Il fenomeno è riscontrabile in quasi tutte le piccole città italiane. Tuttavia nelle Marche, regione policentrica per antonomasia, tali trasformazioni sembrano manifestarsi con maggior evidenza. In particolare sulla costa c’è una città, Civitanova Marche, che negli ultimi dieci anni è stata investita da un mutamento del tessuto sociale tale da farle assumere un carattere prototipo, anche per via delle dimensioni più ridotte.
La crisi economica, le migrazioni internazionali e intranazionali, ma anche il sisma del centro Italia del 2016, hanno fatto da acceleratori del cambiamento, facendola diventare la città più popolosa della provincia di Macerata con poco più di 42.000 abitanti. Così quello che in passato era uno dei centri con il reddito pro-capite più alto della regione, grazie a un ricco distretto calzaturiero che garantiva un benessere diffuso su tutto il territorio, dopo la crisi si è trasformato in un ambiente urbano decisamente più asciutto ma anche molto più complesso e culturalmente più vivace.
Laddove insisteva il conformismo tipico della città di provincia che sentiva di bastare a se stessa – e l’ostentazione della ricchezza si esprimeva in ogni fascia d’età prima di tutto attraverso i capi d’abbigliamento, gli accessori e le automobili esibiti come attestato di benessere – oggi ritroviamo uno spazio pubblico dove s’incontrano e a volte si scontrano le tante culture costrette al confronto.
Tunisini, marocchini, cinesi ma anche rumeni e polacchi. Una ricchezza della diversità che pare aver giovato soprattutto all’apertura mentale dei più giovani in termini di tolleranza e di accoglienza. Tra i banchi delle scuole, le seconde generazioni di migranti stringono amicizie e amori misti che poi vivono nel pomeriggio, lungo le vie del centro marinaro. I ragazzi della Generazione Z, iperconnessi e cresciuti in piena crisi, a un passo dalla maggiore età e con i piedi ben saldi a terra, vedono il loro futuro universitario e professionale fuori dai confini regionali.
Poi ci sono le fragilità, più o meno nuove, più o meno gravi, drammi individuali e famigliari. Borderline e minoranze, con le loro storie di emarginazione vissute tra il desiderio di essere accettati e l’autocondanna a rimanere se stessi, disinseriti e liberi.
Così, mentre i ragazzi si sforzano di creare punti di fuga costruttivi e condivisi attraverso il rap, il ballo hip hop, i graffiti e lo skate, si registra la capacità dei più vecchi di resistere, e in parte di adattarsi, a una società che ha polverizzato la famiglia e la loro struttura di riferimento.

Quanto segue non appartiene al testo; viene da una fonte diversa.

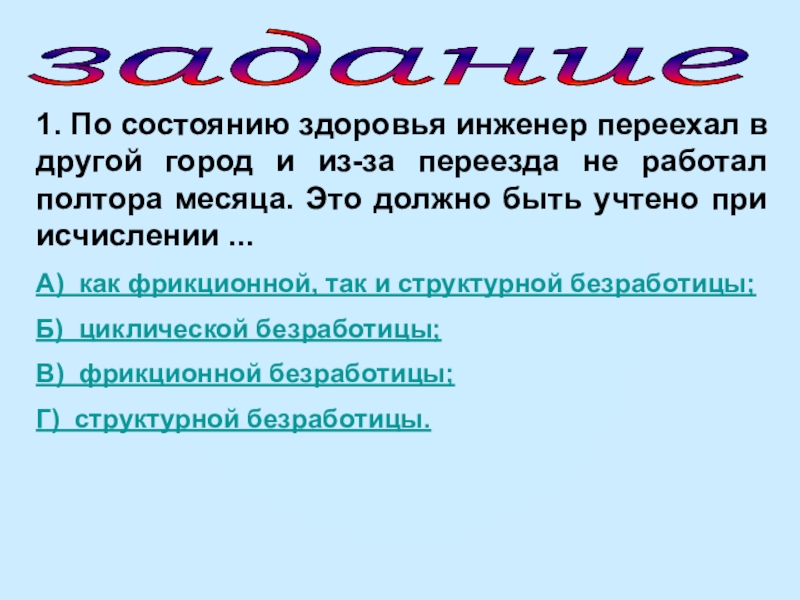 Слайд 214. “Если человек в трудоспособном возрасте не работает, он является безработным.”

Lungo i marciapiedi di questa metropoli in miniatura, che cerca di affrancarsi dal distretto calzaturiero attraverso il turismo estivo e il commercio, è possibile cogliere un piccolo mutamento antropologico che interessa ogni città di provincia italiana. Un’umanità posta di fronte a un tempo che si è fatto sempre più piatto, e obbligata a ridisegnare se stessa per sfuggire alla superficialità dell’intolleranza e dello stereotipo.